▸ Extracted information:
========================

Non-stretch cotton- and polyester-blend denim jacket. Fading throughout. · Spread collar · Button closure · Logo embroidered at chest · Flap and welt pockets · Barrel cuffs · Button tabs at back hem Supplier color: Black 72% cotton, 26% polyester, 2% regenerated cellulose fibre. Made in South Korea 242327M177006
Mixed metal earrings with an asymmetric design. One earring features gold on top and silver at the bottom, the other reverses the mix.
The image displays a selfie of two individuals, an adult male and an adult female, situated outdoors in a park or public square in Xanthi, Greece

========================

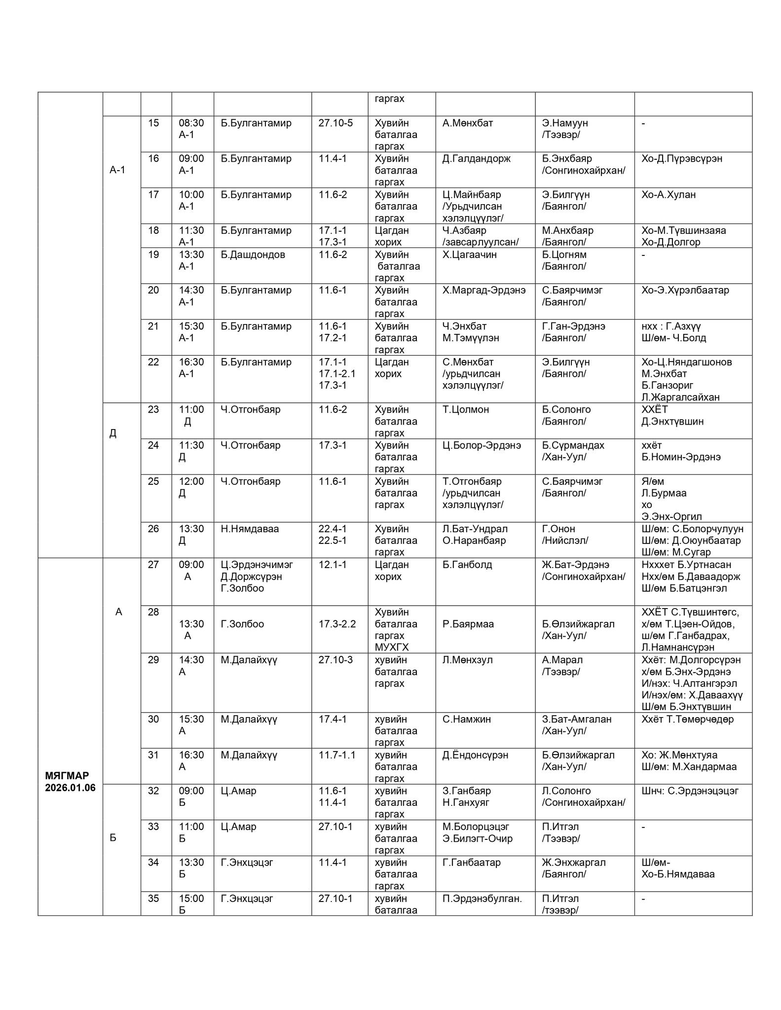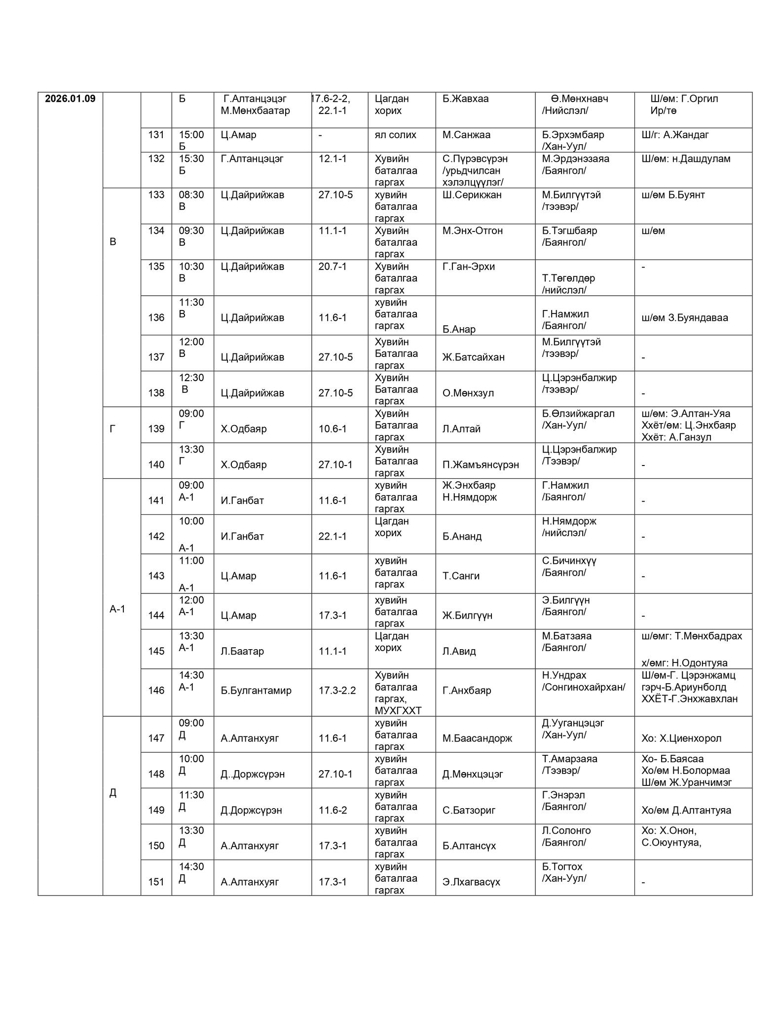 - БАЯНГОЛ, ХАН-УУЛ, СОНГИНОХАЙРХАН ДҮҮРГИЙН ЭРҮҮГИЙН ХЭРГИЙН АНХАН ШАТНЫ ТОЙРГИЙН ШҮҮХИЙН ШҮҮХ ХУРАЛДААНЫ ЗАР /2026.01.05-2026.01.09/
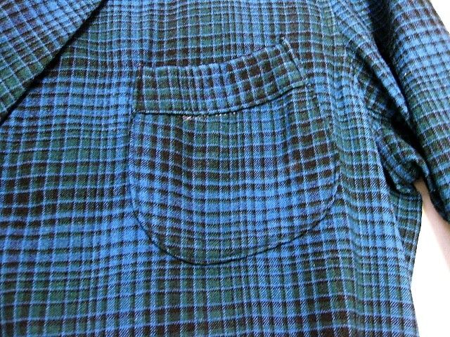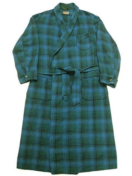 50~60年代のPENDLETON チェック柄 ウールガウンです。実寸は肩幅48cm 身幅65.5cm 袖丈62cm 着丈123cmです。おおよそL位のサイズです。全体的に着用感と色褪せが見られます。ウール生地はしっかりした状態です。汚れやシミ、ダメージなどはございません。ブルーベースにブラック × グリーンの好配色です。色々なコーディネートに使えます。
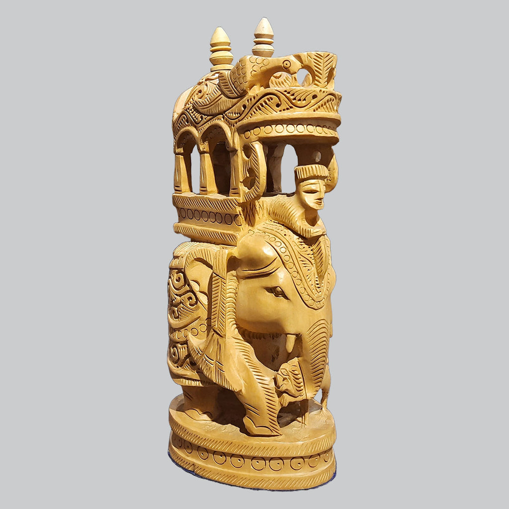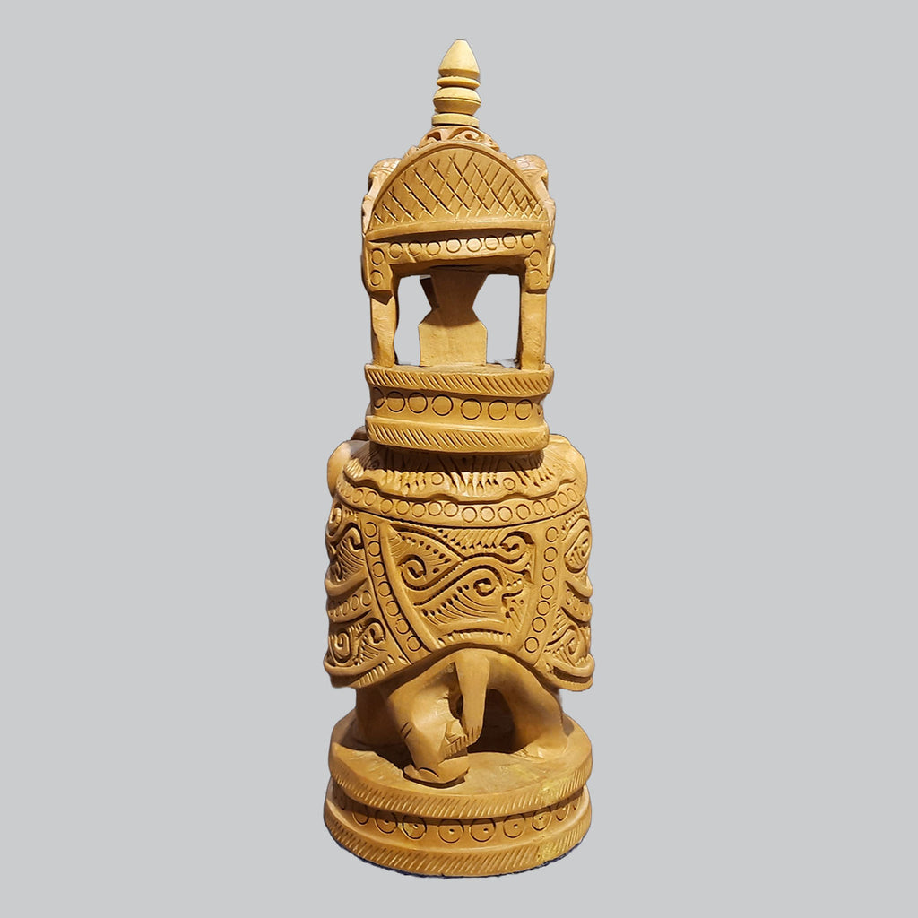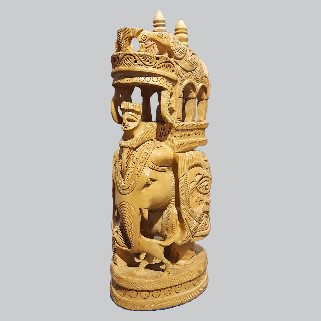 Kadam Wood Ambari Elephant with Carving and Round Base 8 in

========================

▸ What you have to do:
Begin at the line above that has "Mixed metal earrings" and stop after the line that has "The image displays", copying each line exactly and adding nothing else.

▸ Exercise result:
Mixed metal earrings with an asymmetric design. One earring features gold on top and silver at the bottom, the other reverses the mix.
The image displays a selfie of two individuals, an adult male and an adult female, situated outdoors in a park or public square in Xanthi, Greece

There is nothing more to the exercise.